Data records:
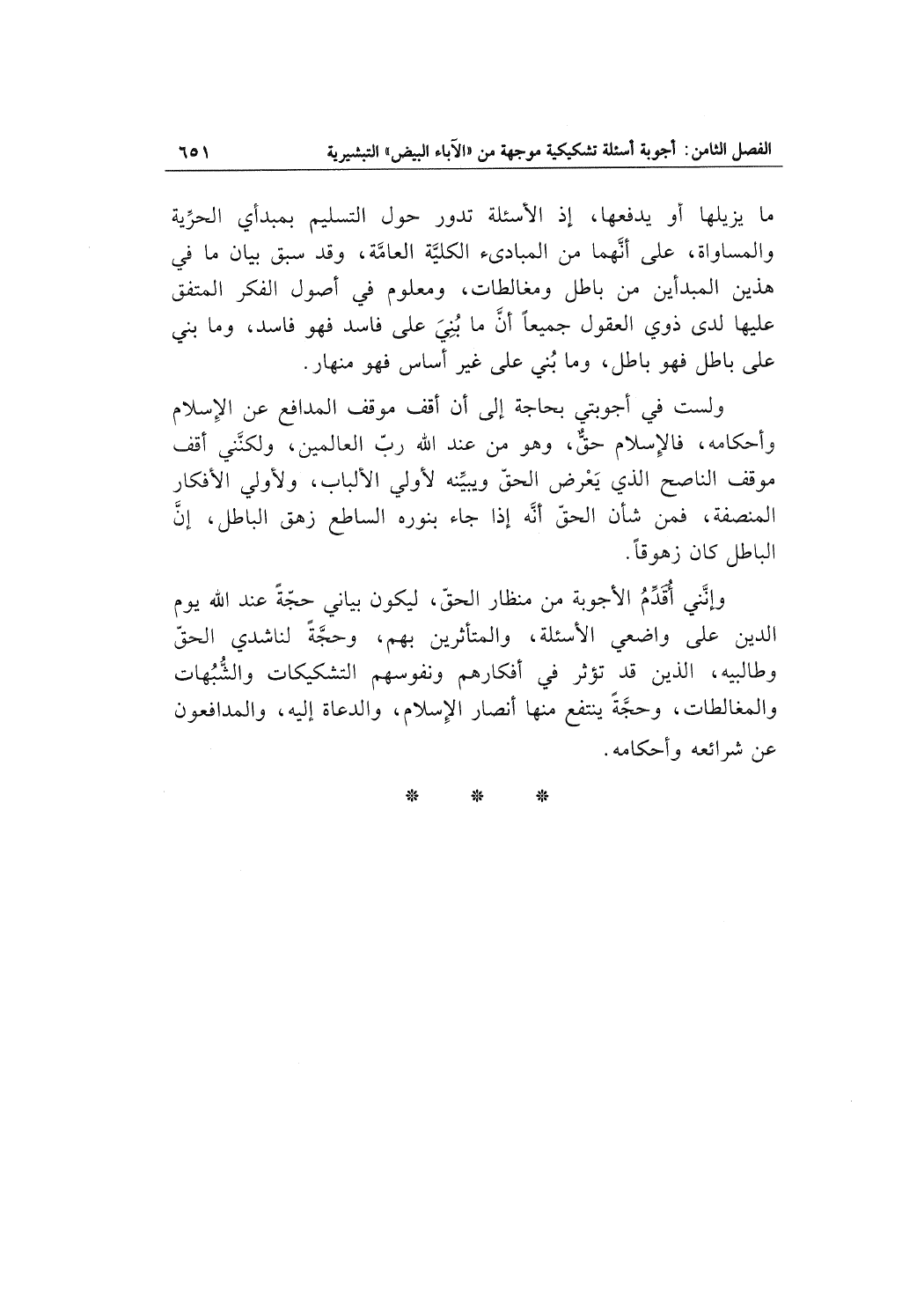 وإنَّني أُقّدِّمُ الأجوبة من منظار الحقّ، ليكون بياني حجّةً عند الله يوم الدين على واضعي الأسئلة، والمتأثرين بهم، وحجَّةً لناشدي الحقّ وطالبيه، الذين قد تؤثر في أفكارهم ونفوسهم التشكيكات والشُّبُهات والمغالطات، وحجَّةً ينتفع منها أنصار الإسلام، والدعاة إليه، والمدافعون عن شرائعه وأحكامه.
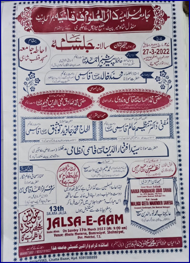 جامعہ اسلامیہ دارالعلوم فرقانیہ بمراس پیٹ،منڈل شاہ میر پیٹ ضلع میڑچل ملکاجگری،حیدرآباد کا سالانہ تیرہواں عظیم الشان اجلاس عام،27 مارچ بروز اتوار صبح نوبجے احاطہ جامعہ میں منعقد ہوگا،حضرت مولانا حافظ پیر شبیر احمد صاحب صدر جمعیة علماء تلنگانہ وآندھرا پردیش اجلاس کی سرپرستی اور مولانا محمد خالد قاسمی صاحب صدرالمدرسین مدرسہ عربیہ سراج العلوم حشمت پیٹ سکندرآباد صدارت فرمائیں گے،
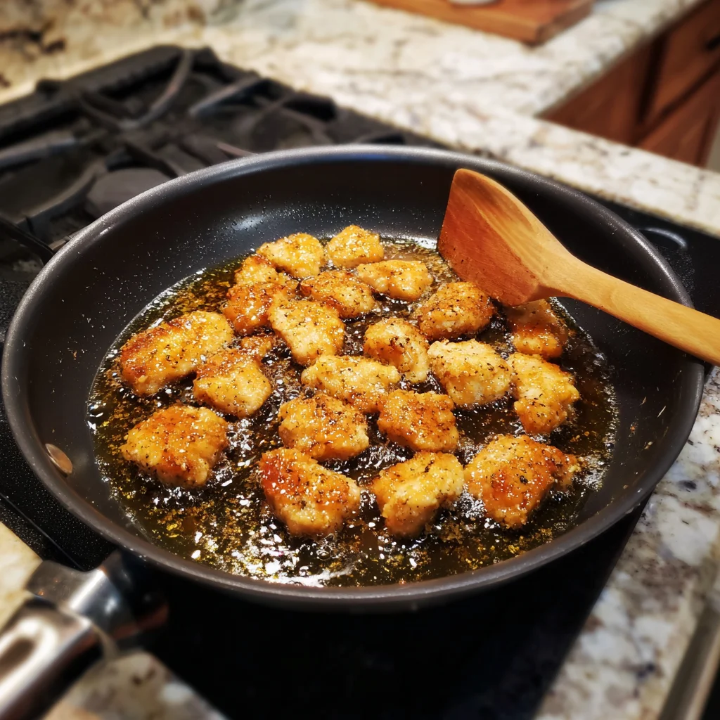 Next, heat 2 tablespoons of vegetable oil in a large skillet over medium-high heat. Once it’s nice and hot (test it with a small piece of chicken—it should sizzle immediately), add your chicken in a single layer. Don’t overcrowd the pan or the chicken will steam instead of crisp.
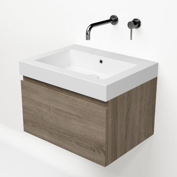 Greeploos badkamermeubel in de kleur eiken donker is 60 cm breed. De wastafel is vervaardig in quartz en heeft de kleur wit mat quartz. Dit badkamermeubel met deze wastafel is leverbaar tussen de 60 cm t/m 160 cm
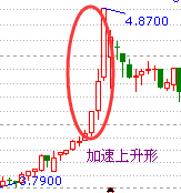 長跑運(yùn)動(dòng)員在最后50米或100米總會(huì)有一個(gè)加速的沖刺,股市中也有類似的情況。如果說股價(jià)的上升過程是一個(gè)長跑的話,那么頂峰便是終點(diǎn)。當(dāng)股價(jià)快要抵達(dá)頂峰時(shí),上漲的幅度就會(huì)越來越大,就像運(yùn)動(dòng)員在比賽的最后階段加快了步伐一樣,所以在股價(jià)走勢圖上就會(huì)出現(xiàn)加速上升形形態(tài)。
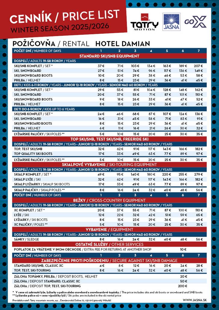 Shop & Rental Hotel Damian je priamou súčasťou Damian Jasna Hotel Resort & Residences. Nachádza sa na prízemí v južnej časti hotela.
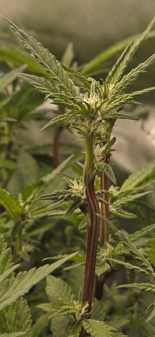 My Blue cheese F1 is acting weird she is so compact and 33cm tall I did not top her, but no a side stim is going for a stretch. Also her leaves worries me a lot of 3 fingerd leaves. She's a bit bouji Is she okay or should I help her somehow?
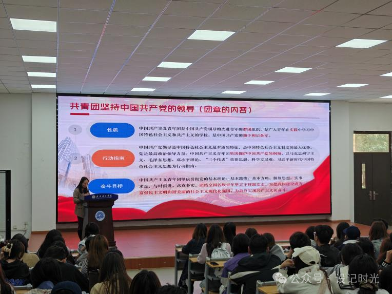 图二:唐林丽老师围绕“共青团和优秀共青团员”展开讲解

**Aim of the task:** What is needed is a word-for-word copy of the lines from the one containing "My Blue cheese" through the final line of the records above, both included, with the pictures left out.

**Written solution:**
 My Blue cheese F1 is acting weird she is so compact and 33cm tall I did not top her, but no a side stim is going for a stretch. Also her leaves worries me a lot of 3 fingerd leaves. She's a bit bouji Is she okay or should I help her somehow?
 图二:唐林丽老师围绕“共青团和优秀共青团员”展开讲解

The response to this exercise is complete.